Becky's Random Thoughts

This is my place to vent and share. I have been told to journal thoughts and feelings--so here they are.

Sunday, April 22, 2007

Time is ever changing, ever moving. Life is ever changing, ever moving. It is funny how time affects life. A year ago I was mourning John's departure for New York. Mourning the loss of my husband and my friend. I didn't know how to go on. But somehow I made it through. I tried to run from God but couldn't hide. A ton of people prayed for me. I couldn't have done it without those prayers.

I prayed for God to restore my marriage, then I prayed for John's happiness, then I prayed for peace. I finally prayed God do what you want to do, You are in control anyway.
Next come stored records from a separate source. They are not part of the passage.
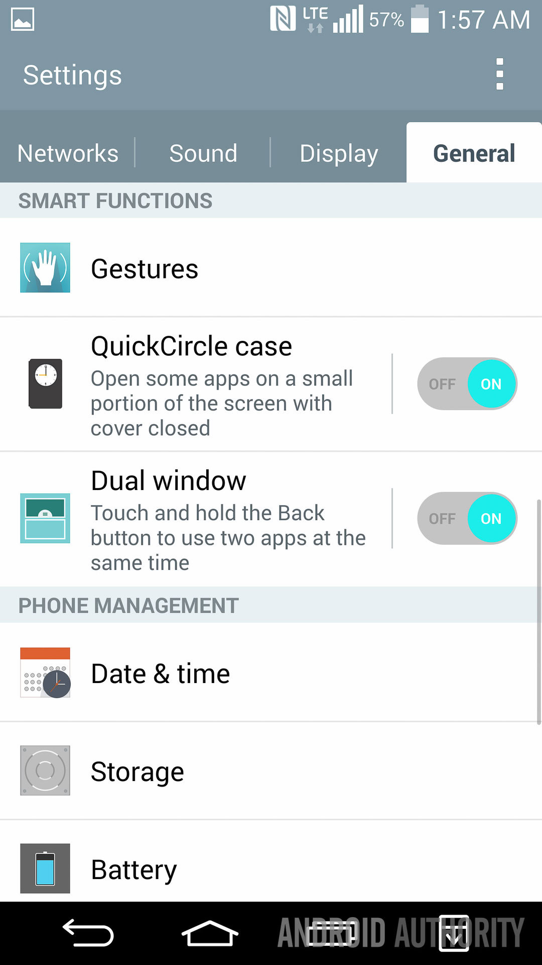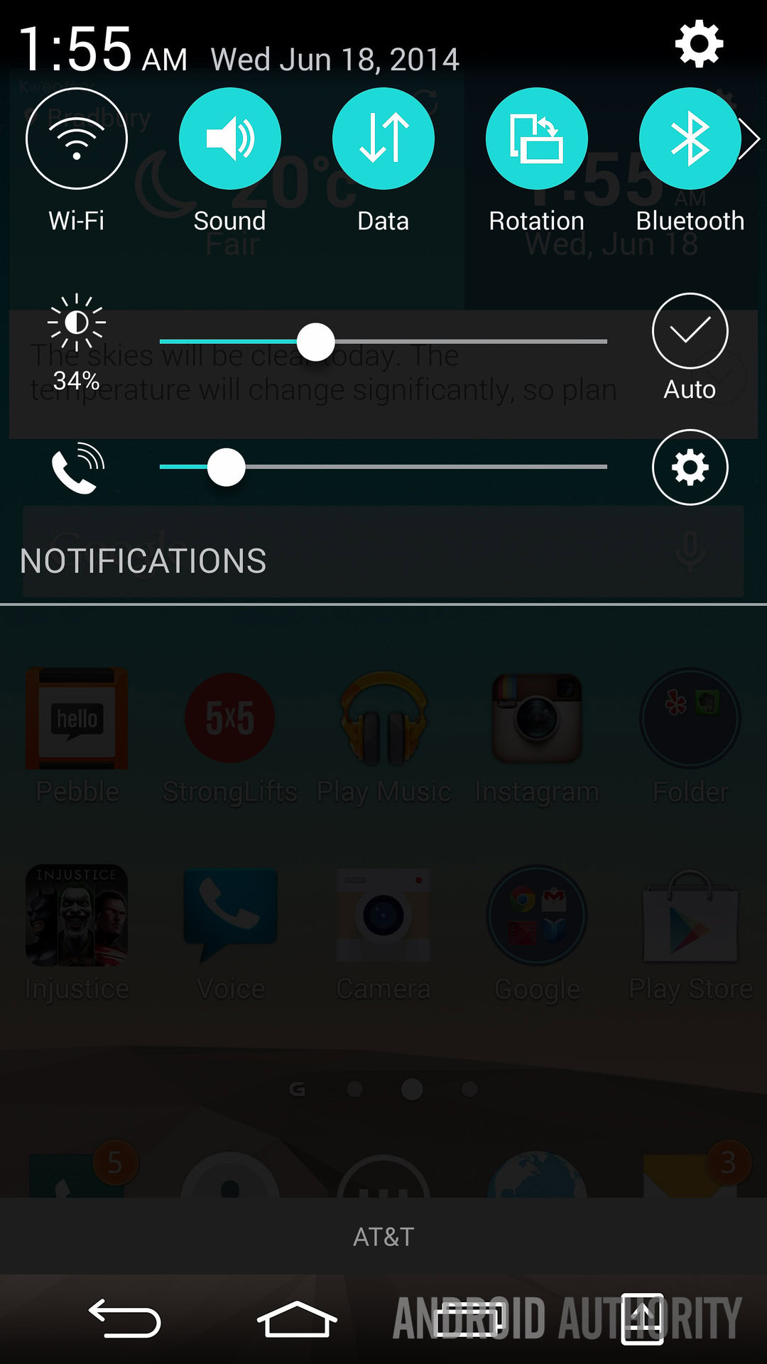 In general, traces of previous Optimus UI iterations are still found, but the redesigned notification dropdown and a much better laid out settings menu look great. Previous LG features like the Q Slide apps return here, but are now hidden behind a shade activated by a quick settings button, and even the brightness and volume sliders can be hidden for an even cleaner notifications menu.
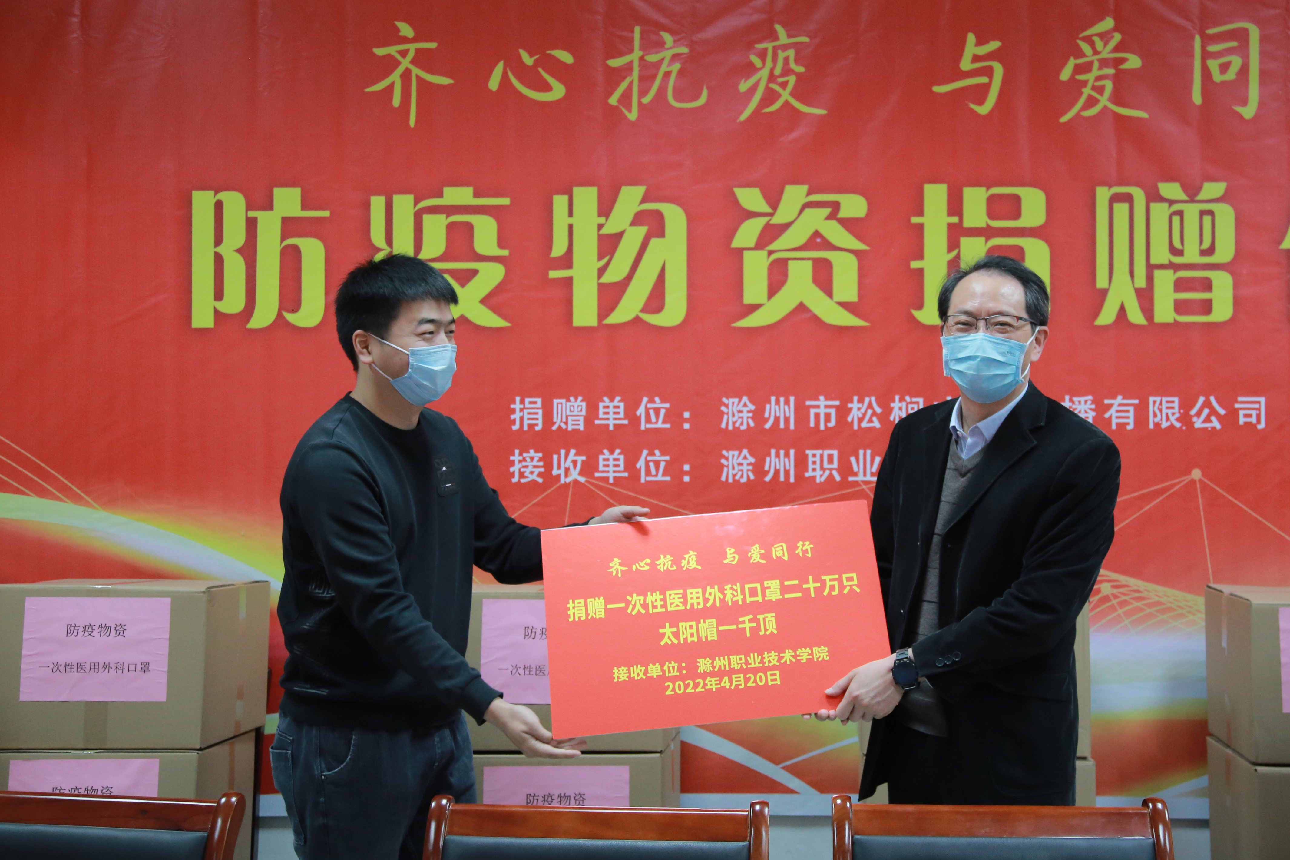 许雪峰代表学校向滁州市松榈文化传播有限公司颁发受捐证书,范世豪代表滁州市松榈文化传播有限公司向学校捐赠防疫物资。
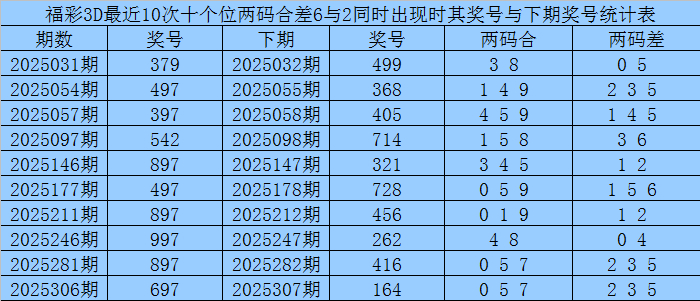 从以上统计不错看出,百个位两码合差5与1同期出现之后其下期两码合差证实最热的4个分裂为:0123,本期百个位两码合差不错参考这四码中的数据。 下期开出最热的四码分裂为:1457,本期珍重这四码包含百个位中的奖号。 十个位合差分析:上期奖号十个位开出97组合,两码合为6,两码差为2,最近10次十个位两码合6与两码差2同期出当前,其奖号和下期奖号分裂为:
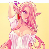 The image depicts an illustrated character that appears to be a fantasy-style elf with
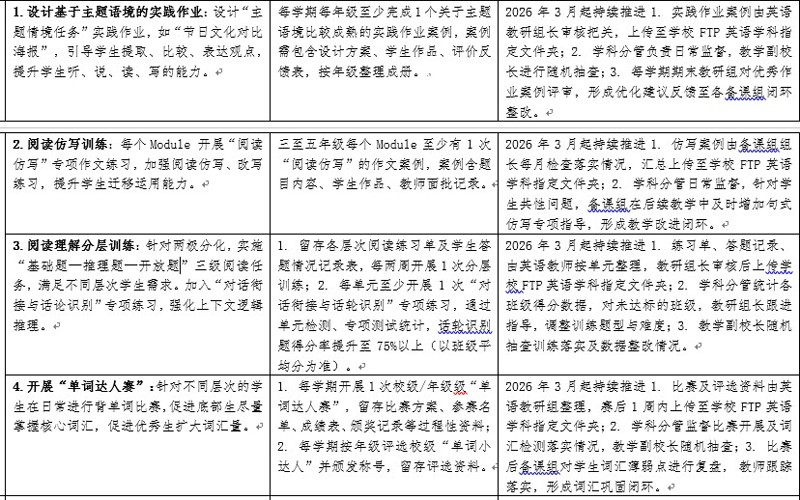 根据四年级绿标调研的学校质量管理任务清单要求,组内辅以二、三年级课后作业单为范例,研讨中高年级作业优化路径。坚持分层设计、情境化、实践性原则,整合基础巩固、能力提升、拓展探究三类任务,让作业紧扣课堂目标、适配学情、可评可测,充分实现教、学、评一致性原则。
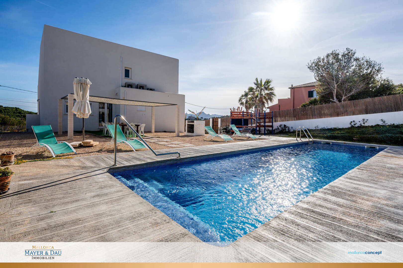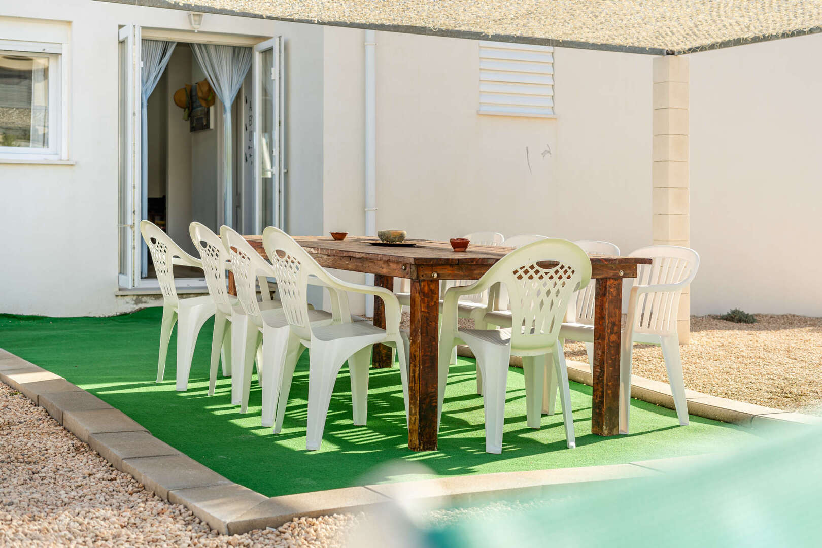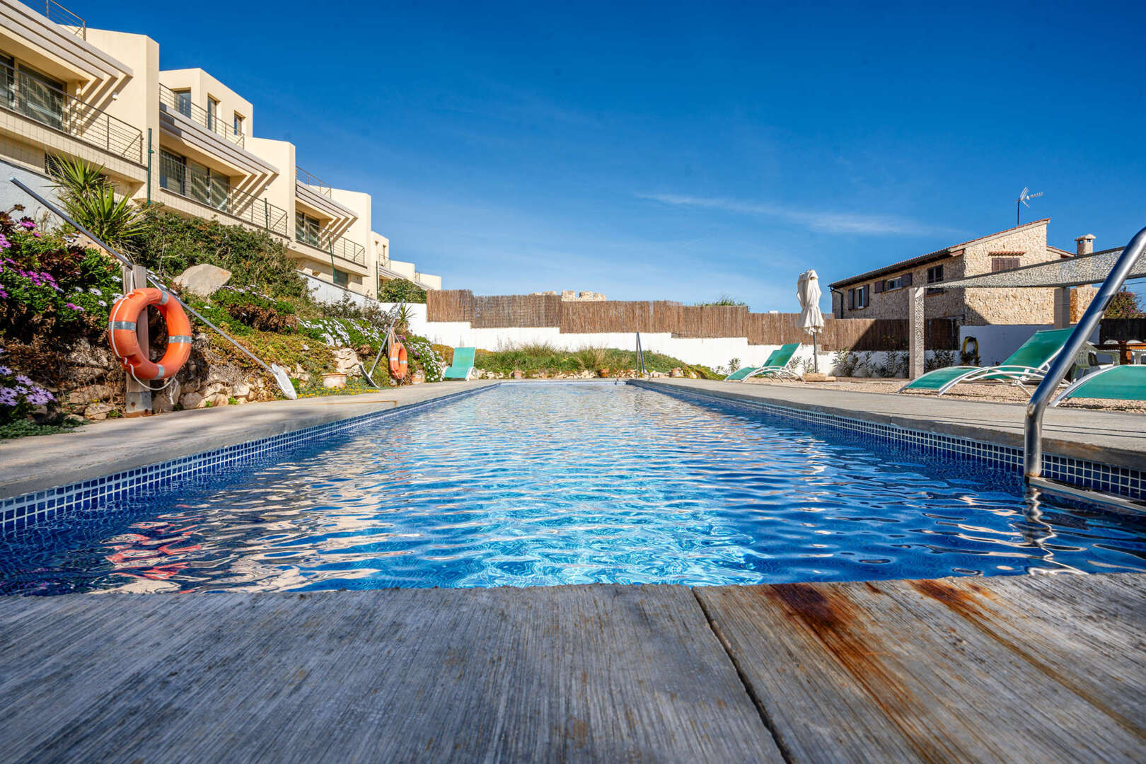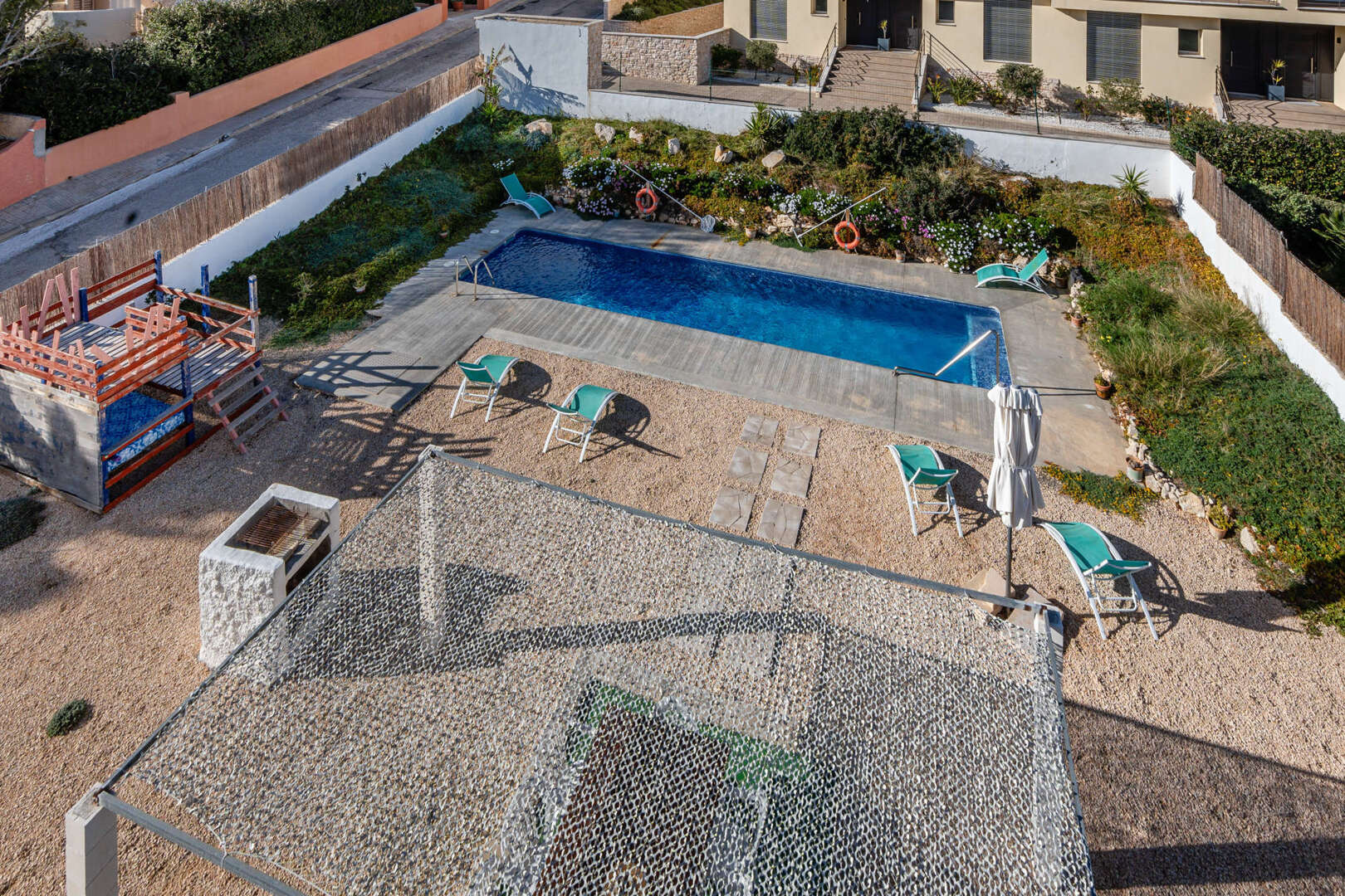 La resplandeciente piscina invita a darse un refrescante chapuzón al sol, mientras que la zona de barbacoa y el espacio exterior ofrecen el marco perfecto para socializar y cenar al atardecer.

Last September, after Cayla's surgery, I decided to date again. It has been slow going, and I haven't had much success. I prayed that God would provide a companion if that was His will. Then I decided it wasn't His will because I wasn't having success. I have dated two men. They both decided we should just be friends. So I have new friends. I also have two other men friends, but we started that way and will continue that way.

So what have time and life done this week? After a year (living together full time) John and Mary have split up. He and I can now be friends. We have actually had dinner, lunch and long talks. Time did march on and so did we. We still love each other and always will--but can't "love each other together" as John said. We can't be together. But we can be friendly. Life goes on. I do wonder though if God isn't answering prayers after a long time. Time will tell how it all is resolved. I can only guarantee it will be to His glory and His will.

A year after living with horrible depression--I am happy. I am living. I am doing well. Thank you God that life and time do go on. Thank you for being in control.